For the KL divergence, a more dataset-specific trend was evident. In the scaffold-based dataset, random subsets displayed somewhat broader divergence distributions than preserved subsets across most fractions. Notably, for fractions of 50% or higher, the preserved subsets became distinctly narrower. In contrast, for the benchmark dataset, the difference between the preserved and random subsets was less pronounced, possibly due to its greater chemical diversity and baseline variability in descriptor distributions.
Taken together, these results indicate that the distribution-preserving sampling method, based on KMeans clustering and target-value binning, effectively retained the statistical structure of the full dataset, particularly for the scaffold-based dataset. The narrower distributions of divergence values across multiple metrics and subset sizes provide strong evidence that the method worked as intended. This robustness in distributional preservation is a critical foundation for downstream ML tasks, as it ensures that the training data remains representative of the original chemical and biological space.
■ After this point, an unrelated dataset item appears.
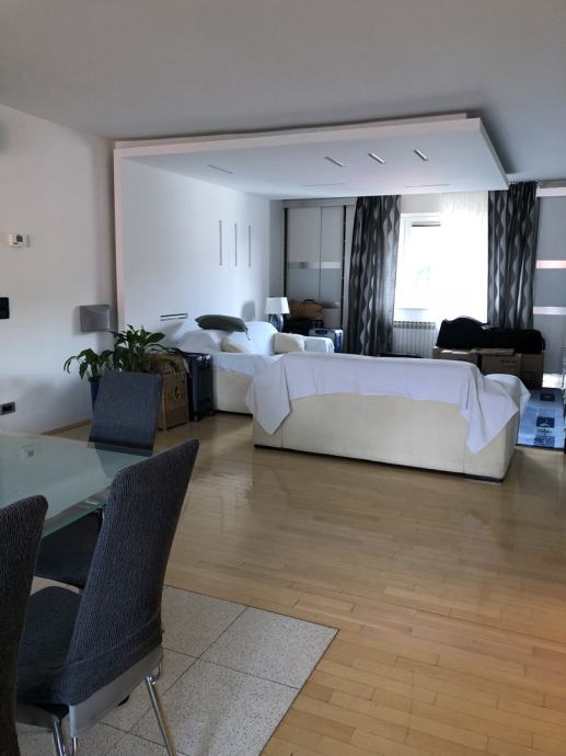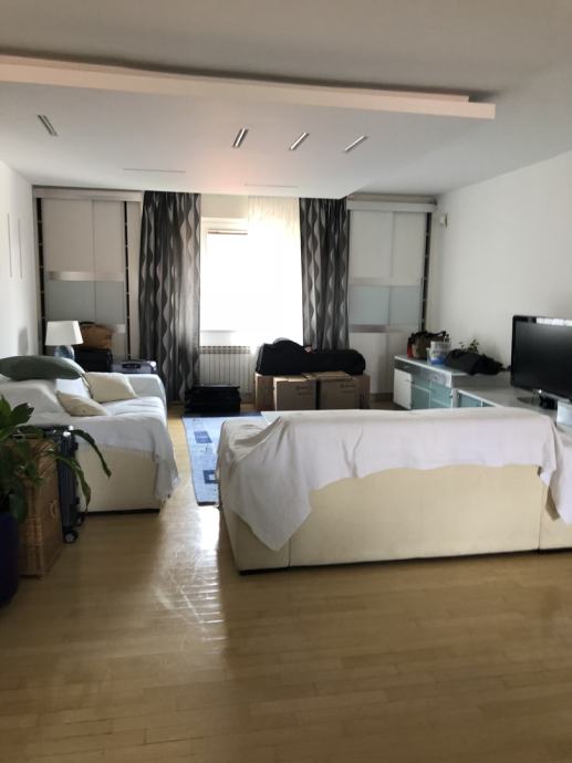 Iznajmljuje se predivan stan, na svega 10 min lagane šetnje do glavnog gradskog trga. Stan se nalazi u dobro održavanoj zgradi (betonsko-armirane konstrukcije) sa liftom, na 3 katu. Stan se sastoji od ulaznog dijela sa garderobnim ormarima, 3 spvaće sobe, dvije kupaonice (tuš i kada), saune, prostranog i sunčanog otvorenog prostora kuhinja/blagovaonica/boravak, te garaže.

In the case of JS divergence, preserved scaffold-based subsets showed greater divergence than benchmark subsets at lower fractions (1–25%, except for 5%, which was slightly negative), but this trend was reversed at higher fractions (50–75%). For random subsets, the scaffold-based subsets diverged to a greater extent for nearly all fractions, as indicated by having positive values. For preserved subsets, small fluctuations around zero, with both positive and negative values, were observed across subset sizes, indicating that the relative divergence between datasets depended on the fraction rather than following a single monotonic trend. For KL divergence, scaffold-based subsets initially diverged to a greater extent than benchmark subsets for small to moderate subset sizes (1–25%), but benchmark divergence exceeded scaffold-based divergence for larger fractions (50–75%). To summarize, mean differences between the two datasets were metric-dependent and typically small in magnitude, suggesting that neither dataset consistently exhibited greater divergence across all conditions. Importantly, these plots summarize mean divergence values; as shown in Fig. 4, feature-level distributions reveal that preserved sampling generally produces narrower divergence distributions across descriptors, supporting the idea that scaffold-constrained chemical space enables more stable and representative subsampling, especially at lower fractions. This observation supports the broader premise of the study that for chemically consistent datasets, such as the scaffold-based dataset, smaller training subsets can still maintain important distributional properties, potentially resulting in more accurate and computationally efficient modeling.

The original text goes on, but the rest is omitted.